Start of DATASET CONTENT

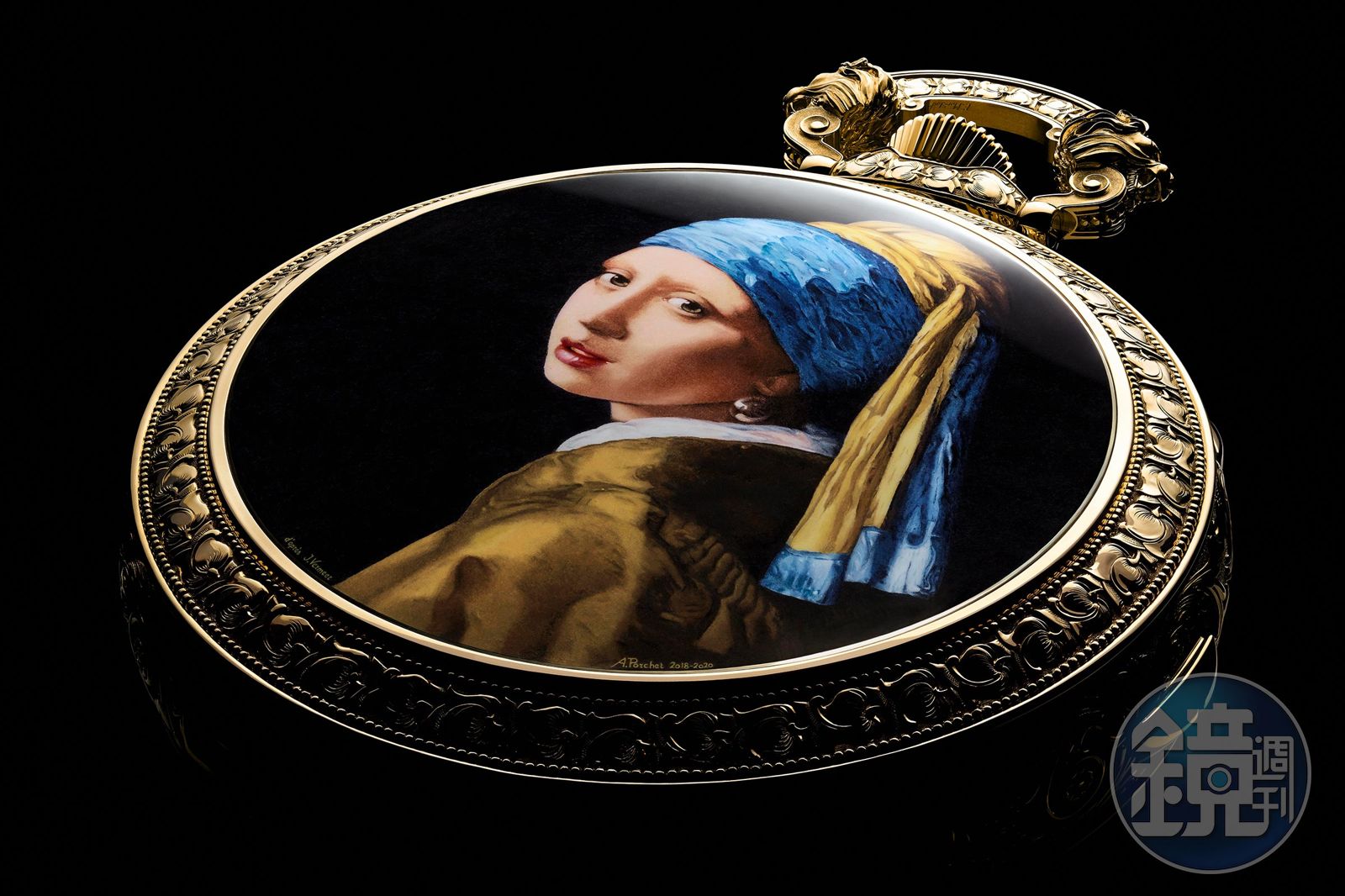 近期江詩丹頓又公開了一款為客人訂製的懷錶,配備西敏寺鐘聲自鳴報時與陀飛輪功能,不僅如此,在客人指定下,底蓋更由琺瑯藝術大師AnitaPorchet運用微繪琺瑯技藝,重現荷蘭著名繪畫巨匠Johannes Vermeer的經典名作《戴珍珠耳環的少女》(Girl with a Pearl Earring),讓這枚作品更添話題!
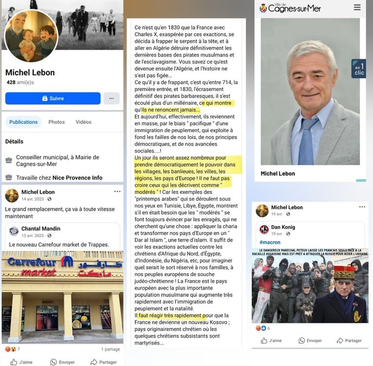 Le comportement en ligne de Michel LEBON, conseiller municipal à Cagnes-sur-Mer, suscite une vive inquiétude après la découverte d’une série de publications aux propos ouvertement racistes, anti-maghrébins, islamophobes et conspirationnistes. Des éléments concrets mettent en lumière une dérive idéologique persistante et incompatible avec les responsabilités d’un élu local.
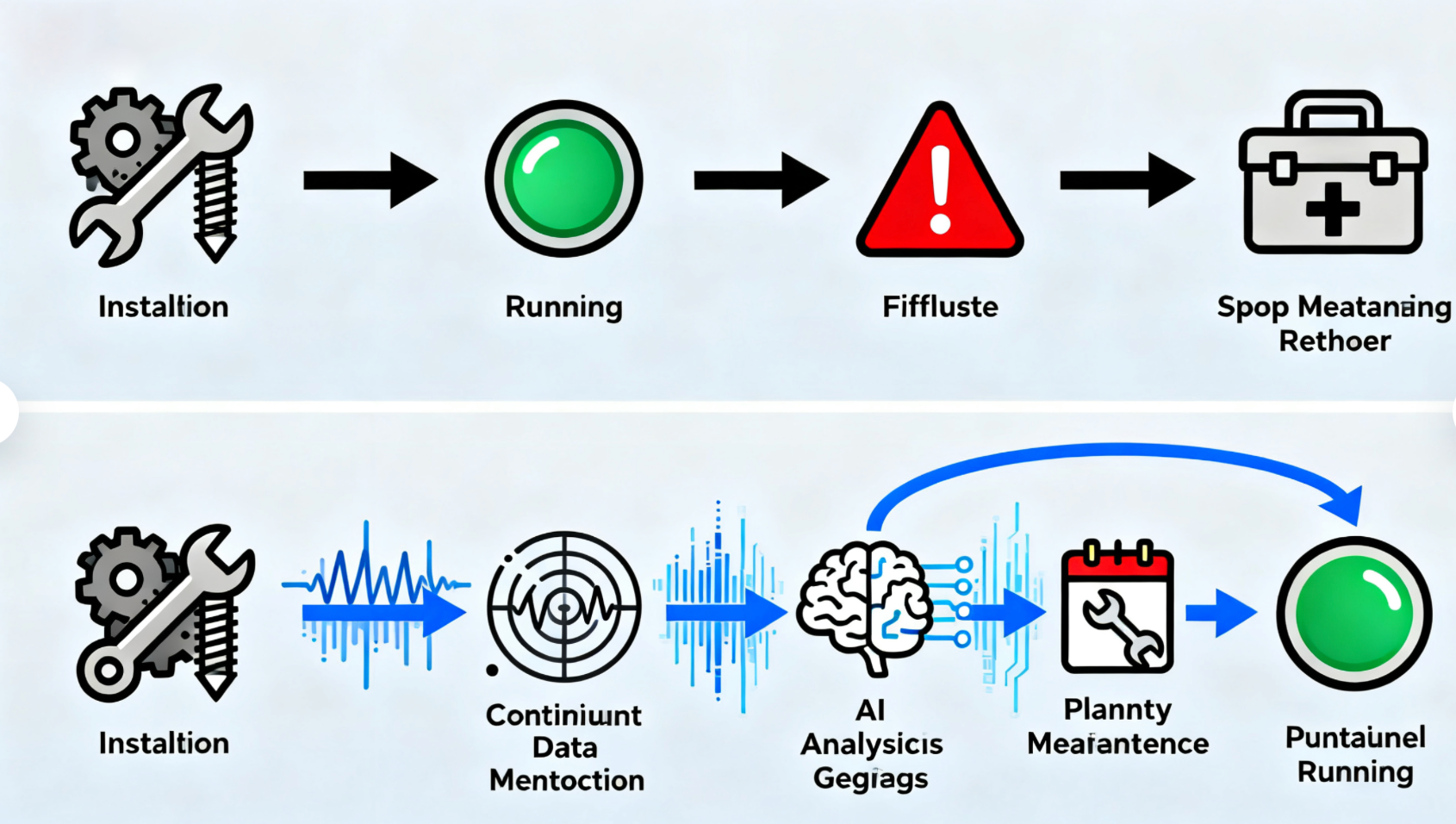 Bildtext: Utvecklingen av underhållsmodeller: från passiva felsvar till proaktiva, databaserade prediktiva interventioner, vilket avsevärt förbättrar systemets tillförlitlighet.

End of DATASET CONTENT

▸ AIM OF THE EXERCISE:
The entire listing above, minus its pictures, should be copied out exactly.

▸ ANSWER TO THE EXERCISE:
 近期江詩丹頓又公開了一款為客人訂製的懷錶,配備西敏寺鐘聲自鳴報時與陀飛輪功能,不僅如此,在客人指定下,底蓋更由琺瑯藝術大師AnitaPorchet運用微繪琺瑯技藝,重現荷蘭著名繪畫巨匠Johannes Vermeer的經典名作《戴珍珠耳環的少女》(Girl with a Pearl Earring),讓這枚作品更添話題!
 Le comportement en ligne de Michel LEBON, conseiller municipal à Cagnes-sur-Mer, suscite une vive inquiétude après la découverte d’une série de publications aux propos ouvertement racistes, anti-maghrébins, islamophobes et conspirationnistes. Des éléments concrets mettent en lumière une dérive idéologique persistante et incompatible avec les responsabilités d’un élu local.
 Bildtext: Utvecklingen av underhållsmodeller: från passiva felsvar till proaktiva, databaserade prediktiva interventioner, vilket avsevärt förbättrar systemets tillförlitlighet.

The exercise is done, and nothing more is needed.